The $130 Miracle and the Price of Fire

The $130 Decision and Why the Spike Never Hit
The weather in Delaware has been absolutely craptastic —a miserable combination of cold, wind, and gloom —setting the perfect stage for a migraine spike. Right around 2:30 yesterday afternoon, I felt the unmistakable signal of a specific, escalating pinch above my left ear. The spike that usually demands immediate surrender was coming.
I had already, instinctively, made the plan to log off and retreat to the dark —the surrender Washington’s broken system expects. When I walked past the bathroom, I saw the Ubrelvy box sitting there. I hadn’t even remembered it. That’s how conditioned I am to just giving up and going to bed when a spike hits. This was the acute relief portion of the Protocol, and simply seeing the box was like hearing a choir of angels singing!
I grabbed the box—a huge container packed with enough cardboard, foil, and plastic to protect a dozen eggs—for just ten pills. Then I instinctively ran the calculation, “Welcome to the $130 medical extortion that Congress refuses to fix.” That financial reckoning over a single pill is the clearest indicator of our broken system. But I felt the spike, and I made the choice that millions of Americans can’t afford to make. I took the dose. I chose function over financial fear.
The Miracle and the Moral Outrage
About three and a half hours later, after making that split-second decision to choose function over financial guilt, the verdict came in, and it worked!!!
My head felt like it was in a partial bubble for the rest of the day, and I was slightly tired, but the escalating pinch over my left ear was nowhere in sight. The pain had been knocked back to its normal, constant, dull ache, the baseline I’ve carried since 1999. The $130 pill didn’t just lessen the pain. It stopped the escalation dead. This was the difference between collapsing in the dark and finishing my day. The Ubrelvy test proved the acute Protocol was not just a plan. It is a working engine.

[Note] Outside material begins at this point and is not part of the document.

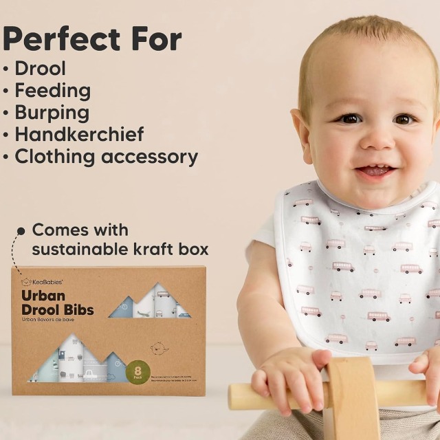 바냐 360도 롤링 거즈면 방수 턱받이 5종 세트 유아 신생아 선물포장 무형광 아기 여아 남아

But the celebration was deeply poisoned by the price tag. That working, anti-migraine $130 pill wasn’t just a cost. It was a political mandate and a legislated tax on relief, imposed by a system that prioritizes profit over patient function. This is precisely why organizations like Patients For Affordable Drugs are fighting to dismantle these high-cost barriers to immediate relief.
The $1,378 Ransom – Bureaucracy in a Box
With the acute spike defeated, I turned my attention to the preventative Protocol. The Emgality, the preventative centerpiece, finally arrived today in a package that felt like a high-security container, suitable for transporting organs or launch codes. The Protocol was no longer paper. It was physically present.
Inside, the box was an absurd comedy act of corporate excess. There was enough insulation and ice packs for a massive meat shipment! All to protect two surprisingly substantial, brightly colored pens.
Then I saw the packing slip.
What is the price charged to my corporate insurance for this single dual-dose Emgality package? $1,378.66. That came to a staggering $689.33 per pen —an unbelievable ransom. The political failure that mandates this cost is a price that is simultaneously too low for the manufacturer and too high for 90% of America, and it was immediately visible. This price is another example of the rigged scale in action.
The Injection of Deep Heat
After surviving the Prior Authorization war and seeing the Ubrelvy succeed, it was time to commit to the long game. There was one final preparation. I couldn’t take the shots yet. My $1,378 double-barrelled hope had to be treated like a moody toddler and allowed to warm up to room temperature.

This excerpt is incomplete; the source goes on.